Frequent power cuts are back causing immense sufferings to the consumers, worst in rural areas, as mercury soars to 32-35 degrees centigrade during the current summer heat.
People have been experiencing 3-5 power cuts a day each for 30-40 minutes in cities, including the capital, and up to 12 power cuts a day in rural areas for the past one month.
Asma Khatun, a resident at Rampura in Dhaka, said that they had been experiencing 3-4 power cuts a day for the past four weeks while there were one or two power cuts a day until the first week of March.
Arefa Begum, a resident at Chunoti village of Lohagara upazila in Chittagong, said that they were experiencing power cuts with an interval of 60-90 minutes and the each power cut continued for up to two hours.
Among the divisional headquarters, Chittagong city dwellers are suffering the worst as the frequency of power cuts has been increased to 8-10 times a day with shorter duration than the rural areas in Chittagong division, according to reports from New Age correspondents.
The power supply situation in the rest of the country is more or less similar with power cuts by 4-5 times in the urban areas while 10-12 times in the rural areas a day.
The Rural Electrification Board received 4,700MW power supply on an average during peak hours against its demand of about 5,300MW in the past four weeks, according to its report prepared on Thursday considering power demand and supply situation at 7:00pm, when demand for electricity reached the peak.
Dhaka Power Distribution Company managing director Bikash Dewan, however, said that they were receiving electricity supply as per the demand.
In the past week, the distribution company received more than 1,400MW which was estimated as the highest demand in its distribution areas covering a major part of Dhaka city and entire Narayanganj city.
Officials concerned attributed the public sufferings for frequent power cuts to shortage of gas supplies to the power plants and distribution networks vulnerable to nor’wester.
They said that the Power Development Board, the country’s single buyer of greed feeding electricity, was able to supply about 9,800MW during peak hours, from 6:00pm to 12:00am, against the demand for 11,000MW with the existing gas supplies at the rate of about 26.90 million cubic metres per day.
Power Development Board chairman Khaled Mahmud told New Age on Thursday that the electricity supply situation would improve soon as the government increased gas supplies diverting from the fertiliser factories from the day.
He said that the power board had prepared to generate 11,000MW from May.

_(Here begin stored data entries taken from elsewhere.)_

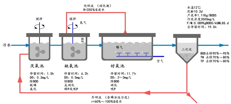 A2/O工藝作為活性污泥工藝的升級(jí)工藝,在去除有機(jī)污染物的同時(shí)具有生物脫氮除磷的作用。
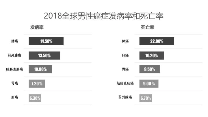 男性中,肺癌发病率(14.5%)和死亡率(22%)最高。男性癌症发病率其次分别是前列腺癌(13.5%)、结肠直肠癌(10.9%)、胃癌(7.2%)、肝癌(6.3%),死亡率其次则分别是肝癌(10.2%)、胃癌(9.5%)、结肠直肠癌(9%)、前列腺癌(6.7%)。
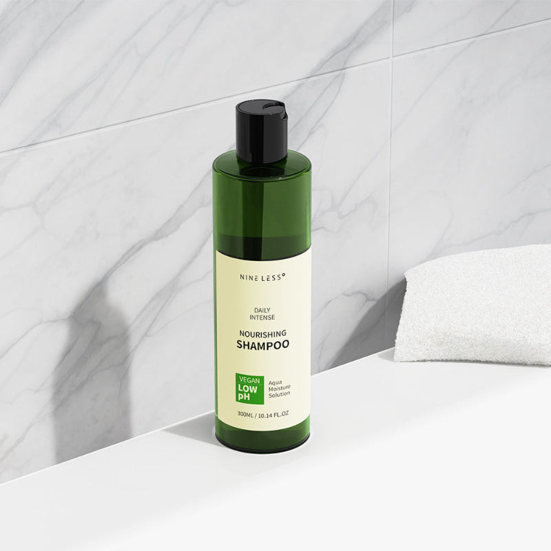 The Nine Less Daily Intense Nourishing Shampoo is a low pH shampoo that is suitable for everyday use. It works to gently provide nourishment without drying out the hair, and does not cause breakage.
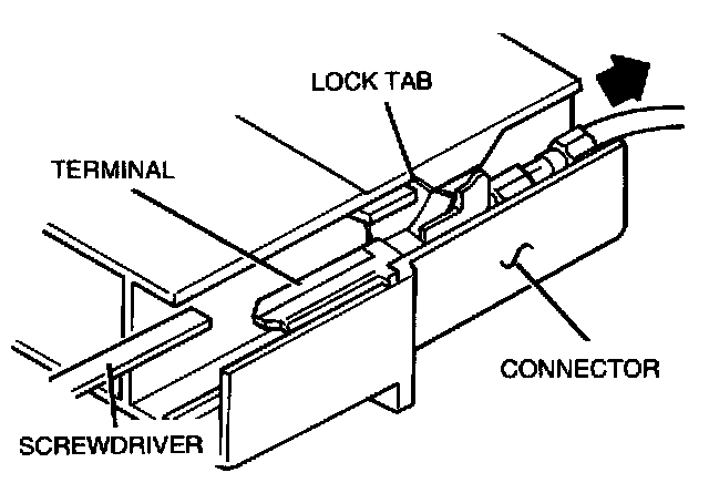 Insert a push-tool, or thin piece of metal such as a small screwdriver, from the terminal side of the connector, and then with the locking tabs pressed down, pull the terminal out from the rear side of the connector.

A recent estimate of power board, however, shows that the power demand would shoot up to 12,500MW from May, a power board official said, adding that the demand might rise further if there were no bottlenecks in transmission and distribution.
The power board also supplies electricity to the consumers in the city corporations and municipal areas in Chittagong, Mymensingh and Sylhet divisions.
Asked about power board’s distribution situation, Khaled said that the distribution utilities had to stop power supply to an area on safety grounds whenever it seemed nor’wester might hit the area causing power cables to be snapped by broken branches of trees.
The Dhaka Power Distribution Company managing director said that banners and other advertising materials often snapped overhead power distribution lines.
He said that projects to develop underground power distribution networks in his areas were under implementation.
At a meeting on Wednesday, power division secretary Ahmad Kaikaus asked the power distribution utilities to cut off all branches of trees grown above or parallel to the power supply lines in the next 15 days, said officials.